I am expecting the transition to be iPod touch related, so the SSD purchase-order thing could be it.

It could also be transitioning the nano to a nano touch..

Take the current nano phatty form factor, remove the click wheel on the bottom half and stretch the screen down.. It would be large enough for a touch device.

But most importantly is the App store. Now that the App Store is up and running and is Apple's gateway to cementing their mobile platform as the future de facto standard by bringing all the 3rd party developers on board, it seems that they will want to get the app store accessible on as many of their mobile devices as possible.
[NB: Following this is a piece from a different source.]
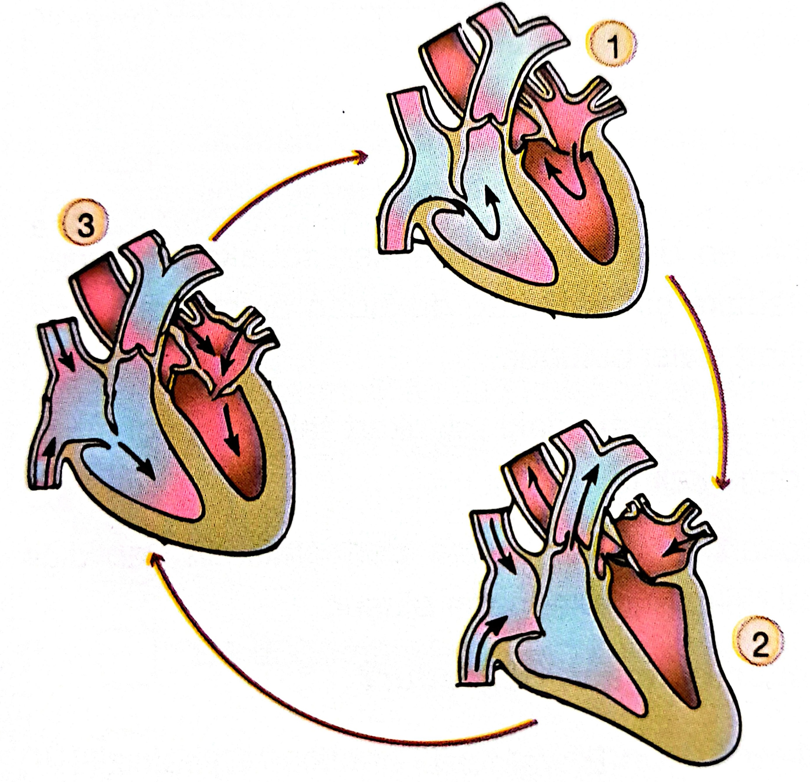 Yukarıda kalp döngüsüne ait aşamalar numaralandırılarak gösterilmiştir.

And the nano IS Apple's best selling mobile device.

It is possible that a new touch nano could be released before the current quarter ends. And it would likely sell in enough quantities to affect margins for this quarter.
post #136 of 312
Quote:
Originally Posted by Mr. H View Post

I don't think the design will be tapered. Certainly the internal optical drive won't be dropped and once you start to think about ports, HDDs and optical drives you realise there's not much room for any tapering. Maybe there could be a little bit.

I guess what I'm really expecting is the MacBook form-factor (in aluminium, of course) with the Air's black backlit keyboard.

Ok, but the tapered edges of the MacBook Air are what make it stand out, not simply its thinness. If Apple had simply wanted to make a scaled down, rounded-rectangle 13" MacBook Pro, they would have taken the same old case that's been around for nearly five years and done just that. Also, I don't see any major case differences between the MacBook Pro and the MacBook, other than the latter being thicker overall, with a slot-loading disc drive on the side, an indented, unique keyboard and magnetic latch.

I agree about the Air's black backlit keyboard (and I see the magnetic latch, LED backlit screen, and oversized Multi-Touch) coming to the Pro. Care to clarify what makes the MacBook's form-factor all that special? We are talking about what's going to happen to the 15" and 17" MacBook Pros, right?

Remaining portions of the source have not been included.